Risques n° 114

Juin 2018

N° ISBN : 978-2-35588-083-4

Commander
Feuilleter
Télécharger

Risques et solutions – Peut-on réformer les retraites ?

Daniel Zajdenweber, Introduction au dossier

François-Xavier Albouy, Qu’est-ce qu’un système de retraite au XXIe siècle ?

Tithon le berger était d’une grande beauté. Éos, la déesse Aurore, l’enleva et le prit pour amant. Elle lui obtint de Zeus la vie éternelle. La vie éternelle, mais pas la jeunesse éternelle. Tithon était donc condamné à une vieillesse éternelle.

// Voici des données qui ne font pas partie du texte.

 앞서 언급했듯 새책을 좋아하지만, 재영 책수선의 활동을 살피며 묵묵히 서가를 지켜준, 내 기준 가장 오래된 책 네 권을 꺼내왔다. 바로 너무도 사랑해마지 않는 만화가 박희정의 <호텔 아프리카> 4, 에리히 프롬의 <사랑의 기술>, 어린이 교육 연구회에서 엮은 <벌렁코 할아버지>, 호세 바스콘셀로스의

Vieillard desséché, il finit abandonné d’Eos et transformé en cigale, dit la légende. Ce risque tithonien d’une longue agonie, ponctuée de pertes d’autonomie successives, menacée par la démence, ce risque d’une vie qui s’étire, d’une vie desséchée, d’une vie passive, est celui qui nous angoisse. C’est avant toute chose ce risque qui nous préoccupe. Posons par principe qu’au XXIe siècle, un système de retraite devrait permettre trois choses. La première serait de transporter de la valeur sur de très longues durées. La deuxième serait de permettre à tout un chacun d’organiser son temps entre travail, formation et loisir sur toute la durée de sa vie adulte. La troisième serait de compenser la mutualisation du risque viager, et non pas seulement celui des inégalités dans l’espérance de vie, mais aussi celui des inégalités dans l’espérance de vie en bonne santé : le risque tithonien.

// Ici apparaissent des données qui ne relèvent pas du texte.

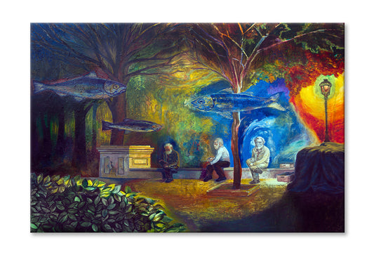 Three Old Men Sitting On A Bench & Fishes Floating On The Above Oil Painting Limited Edition High Quality Print

Claude Tendil, Les retraites au cœur du pacte social

Loin d’être immobiles, les régimes de retraite français ont connu des mutations régulières qui ont construit un système globalement très protecteur et solidaire. La réforme annoncée par l’exécutif doit s’inscrire dans cette continuité, mais elle doit aussi répondre aux doutes sur la pérennité de ce modèle d’assurance vieillesse. Pour la CFDT, cela ne pourra être obtenu qu’en refondant le pacte social qui est à la base de la retraite par répartition, pour lui donner plus de visibilité et plus de cohérence.

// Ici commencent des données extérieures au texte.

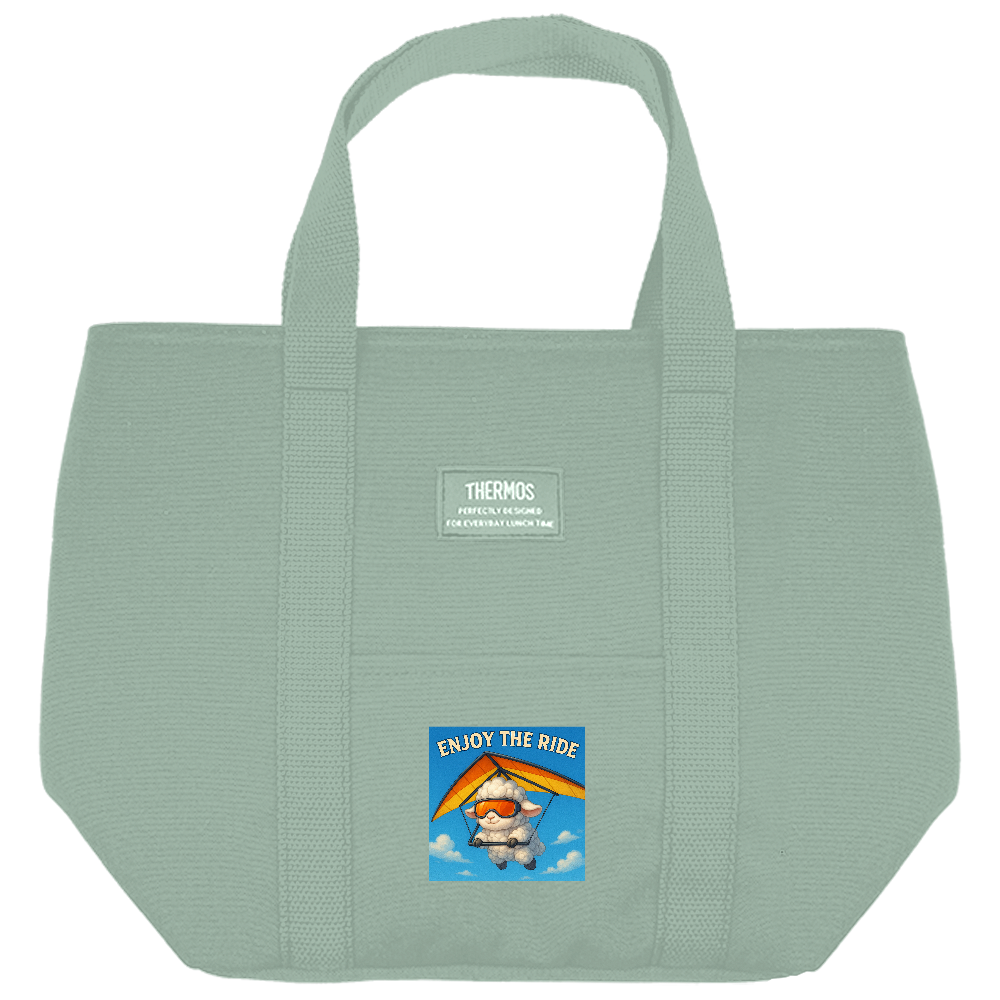 ふわふわの羊がオレンジのゴーグルをかけて、青空の下をハンググライダーで駆け抜けるポップでユニークなデザイン。

Didier Weckner, L’Agirc-Arrco, acteur de la réforme des retraites

Les régimes de retraite complémentaire Agirc et Arrco fusionneront au 1er janvier 2019. À n’en pas douter, cet événement, majeur et symbolique, marquera d’une empreinte forte l’histoire de ces régimes, longue de plus de soixante-dix ans. Au cours de cette période, l’Agirc et l’Arrco ont su s’adapter aux évolutions de la société française, à son histoire sociale et aux soubresauts de son économie. À l’heure où progresse l’interrégimes et où une réforme systémique se profile, une nouvelle page s’ouvre désormais pour le futur ensemble Agirc-Arrco.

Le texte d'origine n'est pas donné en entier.